A 1 (-N = NA 2 ) p -N = NA 3 (2)
[In equation (2),
A 1 and A 3 are independent of each other, a phenyl group which may have a substituent, a naphthyl group which may have a substituent, or a monovalent heterocyclic group which may have a substituent. Represents. A 2 is a divalent 1,4-phenylene group which may have a substituent, a naphthalene-1,4-diyl group which may have a substituent, or a divalent group which may have a substituent.

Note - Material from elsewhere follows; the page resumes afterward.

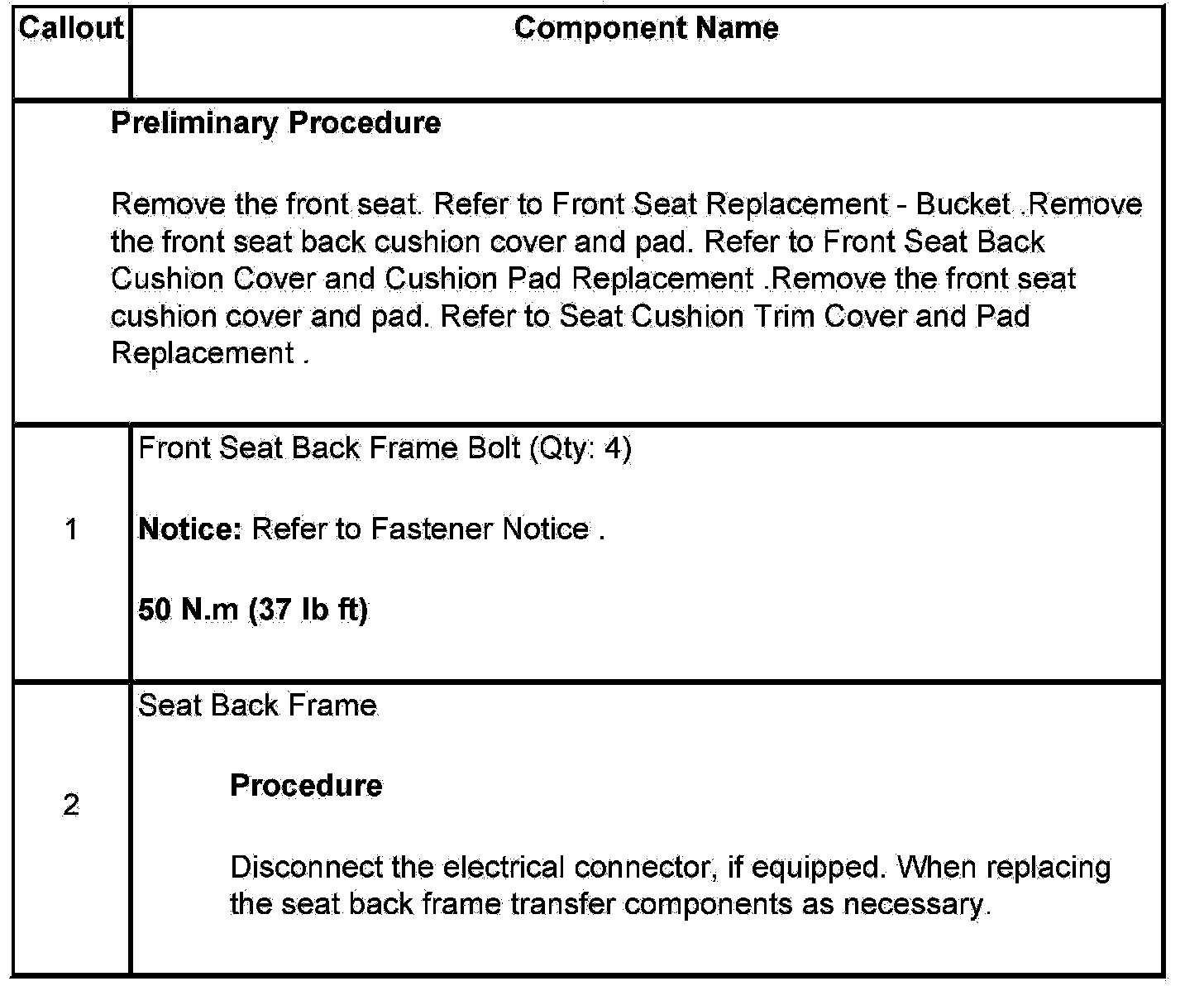 Front Seat Back Frame Replacement

Represents a heterocyclic group. p represents an integer of 1 to 4. If p is an integer of 2 or more, it may be the same or different and the plurality of A 2 independently of one another. ]
 1価の複素環基としては、キノリン、チアゾール、ベンゾチアゾール、チエノチアゾール、イミダゾール、ベンゾイミダゾール、オキサゾール及びベンゾオキサゾールなどの複素環化合物から1個の水素原子を除いた基が挙げられる。2価の複素環基としては、前記複素環化合物から2個の水素原子を除いた基が挙げられる。 Examples of the monovalent heterocyclic group include a group obtained by removing one hydrogen atom from a heterocyclic compound such as quinoline, thiazole, benzothiazole, thienothiazole, imidazole, benzimidazole, oxazole and benzoxazole. Examples of the divalent heterocyclic group include a group obtained by removing two hydrogen atoms from the heterocyclic compound.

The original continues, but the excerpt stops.